En 1914, près de 50 000 d’entre eux sont mobilisés
et envoyés au front pour la défense de la mère
patrie. Leurs sacrifices, leurs douleurs et leurs
croyances dans les valeurs de la république sont
gravés sur les monuments aux morts érigés à partir
de 1920 dans tous les villages insulaires. Les
pertes sont élevées et la Corse est l’un des
départements les plus touchés : 11 325 morts (entre
22 et 28% des classes mobilisables contre 16,3% en
moyenne nationale), 12 000 invalides revenus du
front. Le 173ème R.I. , unique régiment
basé dans l’île et dont la devise rappelle les
premiers mots de la Marseillaise « Aiò
Zitelli » (Allons Enfants) perd à lui seul 3
541 hommes entre 1914 et 1918.
La
saignée dans les forces vives de la Corse est lourde
et aggravée par le fait que de nombreux insulaires
mobilisés, en s’établissant sur le continent dès la
fin de la guerre, contribuent à accentuer le
dépeuplement.
La
politique d’expansion coloniale s’est poursuivie au
lendemain de la guerre et avec elle l’émigration de
la population corse. Dans les années 30, les Corses
représentent 20% des cadres administratifs dans les
possessions françaises outre-mer et 28% de l’armée
coloniale.

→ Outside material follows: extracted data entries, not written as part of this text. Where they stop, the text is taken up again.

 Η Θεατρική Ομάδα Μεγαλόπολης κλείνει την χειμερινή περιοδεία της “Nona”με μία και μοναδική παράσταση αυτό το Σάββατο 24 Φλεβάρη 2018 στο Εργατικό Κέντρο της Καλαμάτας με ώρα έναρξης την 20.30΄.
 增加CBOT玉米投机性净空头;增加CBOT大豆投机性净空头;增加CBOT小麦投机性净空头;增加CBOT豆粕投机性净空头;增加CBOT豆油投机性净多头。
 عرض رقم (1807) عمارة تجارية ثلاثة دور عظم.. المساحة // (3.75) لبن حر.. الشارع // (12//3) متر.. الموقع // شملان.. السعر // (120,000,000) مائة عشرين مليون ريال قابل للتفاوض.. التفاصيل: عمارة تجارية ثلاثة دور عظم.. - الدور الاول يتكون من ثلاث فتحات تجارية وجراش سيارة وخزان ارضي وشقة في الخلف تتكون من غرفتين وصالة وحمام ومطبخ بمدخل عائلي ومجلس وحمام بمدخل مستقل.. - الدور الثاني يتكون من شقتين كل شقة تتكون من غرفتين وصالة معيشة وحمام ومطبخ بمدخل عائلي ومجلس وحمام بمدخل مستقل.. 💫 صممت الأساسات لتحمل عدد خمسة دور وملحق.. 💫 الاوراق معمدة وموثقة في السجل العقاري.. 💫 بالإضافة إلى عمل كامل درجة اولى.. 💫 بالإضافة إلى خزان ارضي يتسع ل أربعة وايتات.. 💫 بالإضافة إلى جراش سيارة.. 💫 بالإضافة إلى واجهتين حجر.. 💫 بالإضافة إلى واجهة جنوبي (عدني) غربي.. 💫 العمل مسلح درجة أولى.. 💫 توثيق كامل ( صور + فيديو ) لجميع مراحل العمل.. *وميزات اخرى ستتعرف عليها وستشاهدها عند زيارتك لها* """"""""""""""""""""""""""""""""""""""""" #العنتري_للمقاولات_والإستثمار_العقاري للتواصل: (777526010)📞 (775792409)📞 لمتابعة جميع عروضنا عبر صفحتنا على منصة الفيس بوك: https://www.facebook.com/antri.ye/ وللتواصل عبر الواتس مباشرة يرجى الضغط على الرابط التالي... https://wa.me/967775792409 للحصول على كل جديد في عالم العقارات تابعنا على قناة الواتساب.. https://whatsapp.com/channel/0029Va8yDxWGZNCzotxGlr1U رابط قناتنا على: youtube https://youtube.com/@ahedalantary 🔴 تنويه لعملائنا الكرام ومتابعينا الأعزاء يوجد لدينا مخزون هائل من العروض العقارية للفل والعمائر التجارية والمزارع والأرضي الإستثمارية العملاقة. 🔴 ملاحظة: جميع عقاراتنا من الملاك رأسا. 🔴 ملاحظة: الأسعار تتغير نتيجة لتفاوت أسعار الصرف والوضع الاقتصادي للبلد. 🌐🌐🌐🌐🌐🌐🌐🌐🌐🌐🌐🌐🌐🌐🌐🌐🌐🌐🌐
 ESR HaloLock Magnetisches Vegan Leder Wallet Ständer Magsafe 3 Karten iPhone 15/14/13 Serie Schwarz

La ponction effectuée sur les éléments
les plus dynamiques du pays affecte la
quasi-totalité des communes insulaires et accentue
l’abandon des terres cultivées. Le nombre de Corses
ayant quitté la Corse dans l’entre-deux guerres est
estimé à 60 000 soit environ le tiers de sa
population. A contre-courant de ce mouvement,
Ajaccio et Bastia progressent et bénéficient pour
l’essentiel des flux migratoires en provenance
d’Italie principalement.
Après
1914, des cultures disparaissent entièrement comme
le chanvre ou le lin dont la transformation n’est
pas en mesure de lutter contre les tissus importés.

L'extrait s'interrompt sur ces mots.